A banner that got people talking

The campaign from Selar mentioned Mainstack directly. In many tech markets, this kind of marketing is normal. Companies often compare themselves with their competitors to show why their product is better.

But in Nigeria’s startup ecosystem, this does not happen often. Most startups avoid mentioning competitors directly in public. Because of that, the campaign quickly spread across social media. Some people said it was smart marketing. Others felt it was unnecessary and too aggressive. The reactions showed that many people in the ecosystem are still not comfortable with open rivalry between startups.
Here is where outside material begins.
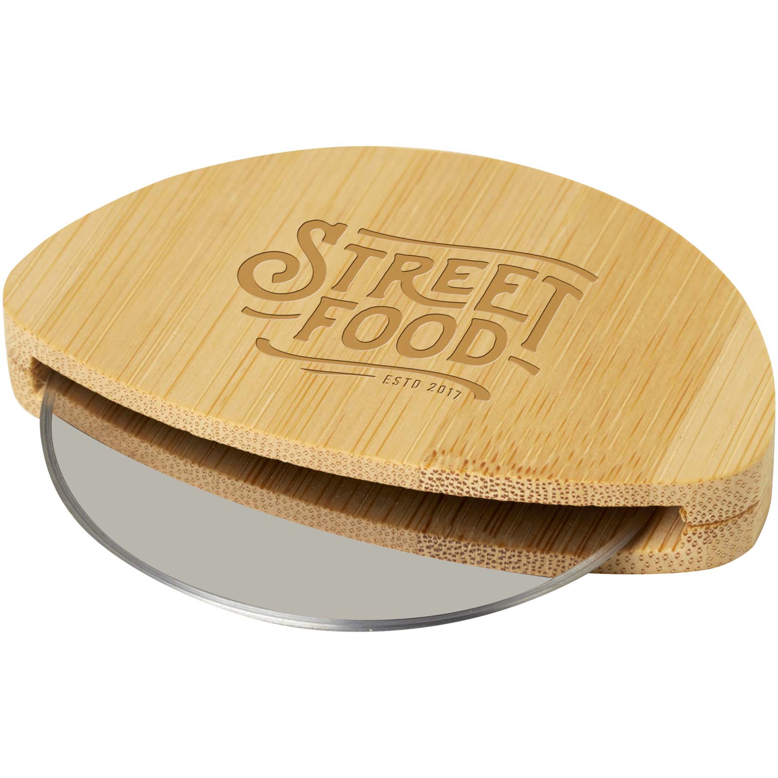 Pizzaschneider mit Bambusgriff und Edelstahlklinge.

The bigger market behind the argument

Both Selar and Mainstack are building tools for creators. Creators today are not just posting content online. Many of them are turning their audience into businesses. They sell online courses, digital products, templates, ebooks, and paid communities. Platforms like Selar and Mainstack help them do this.

For example, Selar allows creators to sell digital products and collect payments. Mainstack helps creators build pages where they can share links, sell products, and connect with their audience, this is what people now call the creator economy.

Around the world, platforms such as Gumroad, Patreon, and Substack have built big businesses helping creators earn money online. African startups are now building similar tools for local creators. That means many companies are now chasing the same opportunity.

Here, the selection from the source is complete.